Удивляться тут нечему: не только многие читатели, но и часть русской критики относилась к Агнивцеву, как к редкому таланту, настоящему поэту, который хоть и не признан «академиками», Брюсовым и Вяч. Ивановым, но зато отмечен Богом. Не договаривалось, но подразумевалось, что Брюсову с В. Ивановым до агнивцевского дарования, до его легкости далеко, что он — Моцарт, а они — Сальери, что если бы ему их выучку, то он удивил бы мир. Еще недавно в одной из русских газет можно было подобное рассуждение прочесть. Статья называлась, кажется, «Умер поэт». Название означало, что Агнивцев умер, став коммунистом, а раньше жил на радость русскому искусству. Отношение «читателя» к Агнивцеву проще. Он Агнивцева откровенно любит. Особенно любят его эмигранты, в частности, петербуржцы. Агнивцев пронзил их сердца книгой о «Блистательном Санкт-Петербурге». Теперь вы нередко услышите от человека, поэзии совершенно чуждого, ничего в ней не понимающего, строки:

Вы не бывали

На канале?

На погрузившемся в печаль

Екатерининском канале,

Где воды тяжелее стали! и т. д.

Эти читатели, конечно, не считают Агнивцева большим поэтом. Но на это причины особые. Есть люди — их даже большинство, — которые вообще считают, что теперь нет больших поэтов, художников музыкантов, ни на чем для этого не основываясь. Можно ведь отрицать все современное искусство по соображениям историческим, идеологическим или каким-либо другим. Но большинство людей, уверенных, что Пушкина теперь нет и быть не может, рассуждает иначе: с детства, всю жизнь они слышали славное имя Пушкина. Как же так может случиться, что имя, которое только что появилось, окажется ему равным? Их это возмущает, их это смешит. Они не оценивают, не сравнивают, они a priori убеждены, что между Пушкиным и любым современным поэтом — целая пропасть, что Пушкин — гигант, а «все эти Блоки и Брюсовы» — пигмеи.

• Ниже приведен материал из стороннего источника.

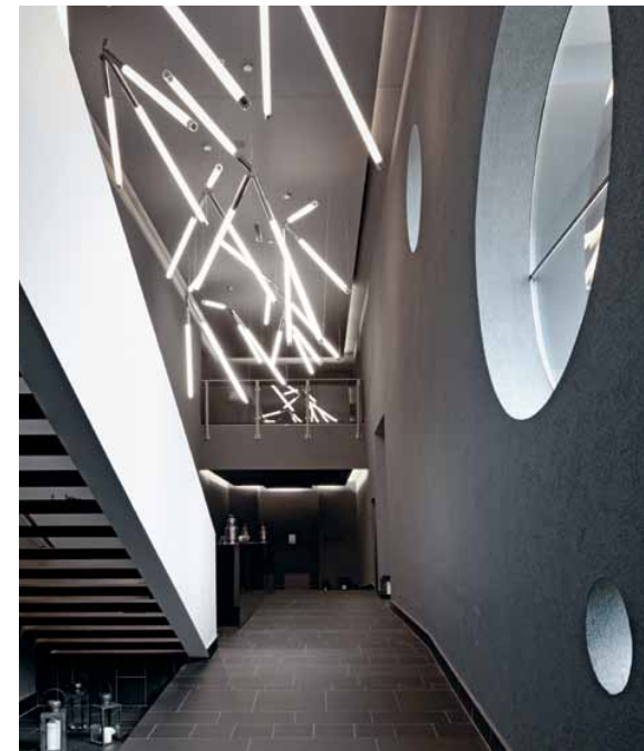
Stoelen Vigilius en San Marco voor Driade. Onder: Scorfine Linea, een lichtstelsel van Matteo Thun voor Zumtobel uit 2006. Linkerpagina: De AquaClean van Geberit werkt met een afstandsbediening, waarmee waterstraal en warmte geregeld kunnen worden.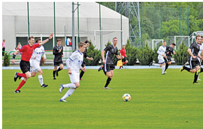
MKS Piaseczno w minionych rozgrywkach zanotował fantastyczną serię dziesięciu zwycięstw z rzędu

Kwiecień co prawda zaczął się od porażki z Żąbkovią (0:1), ale dalej MKS w każdym meczu oczarowywał swoją grą. Dziesięć zwycięstw z rzędu – to rezultat piłkarzy w biało-niebieskich trykotach po wznowieniu rozgrywek. Wśród nich takie triumfy jak 8:0 z Okęciem Warszawa, 3:2 na stadionie rywala z Victorią Sulejówką, 5:0 z Unią Warszawa, 4:1 ze Zniczem oraz 3:0 na zakończenie rozgrywek z innym zespo-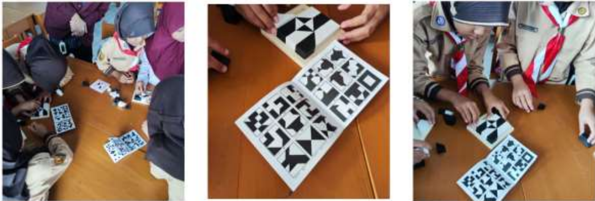
Gambar 5. Siswa sedang menyelesaikan problem logika dengan permainan hiding blocks. Tingkat kesulitan pada permainan ini adalah bagaimana cara menyembunyikan blok sehingga pola terbentuk seperti instruksi yang diberikan.

Secara keseluruhan, rangkaian kegiatan ini berlangsung secara interaktif dan menyenangkan, serta mampu meningkatkan keterlibatan siswa dalam proses pembelajaran. Pendekatan berbasis permainan terbukti efektif dalam menstimulasi kemampuan berpikir komputasi siswa sejak dini.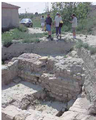
Excavaciones en el balneario romano de Fortuna.

Es especialmente relevante el caso del balneario de Fortuna porque acoge una de las piscinas termales más grandes de la época romana; algo que, según el profesor Matilla, «se debe a la gran cantidad de per-

Поколебать это убеждение — крайне трудно. В честности, я думаю, что только оно заставляет многочисленных поклонников Агнивцева относиться к нему полуснисходительно. Едва ли тут играет рель качество его стихов и сравнение его со старыми «великими» поэтами.

Сравнение было бы рискованно. Если Тютчев или Бодлер, Пушкин или Шенье были поэтами, Агнивцев не поэт нисколько. Если они были даровиты, то он бездарен совершенно. Или наоборот, если угодно. Но это величины несоизмеримые. Это люди, занимавшиеся разным делом.

Я должен извиниться перед читателями, которым все это кажется слишком очевидным. Уверяю их, что я не ломлюсь в дверь, еще не совсем открытую.

В стихах Агнивцева плохо то, что он подменяет самое понятие «поэзии», самую сущность этого понятия. Он дает суррогат ее, для широкого потребления. «Потребитель» же оказывается обокраденным и обманутым: он принял дешевое, мимолетное волненьице, минутное умиление за наслаждение искусством. А к искусству он и не прикасался, даже близко не был и не знает, как глубоко и мощно это «наслаждение». Поэтому он прав, этот читатель, читая только между делом, в свободное от занятий время, для отдыха, для забавы. Чтение его так мало ему дает, что другого отношения оно и не заслуживает.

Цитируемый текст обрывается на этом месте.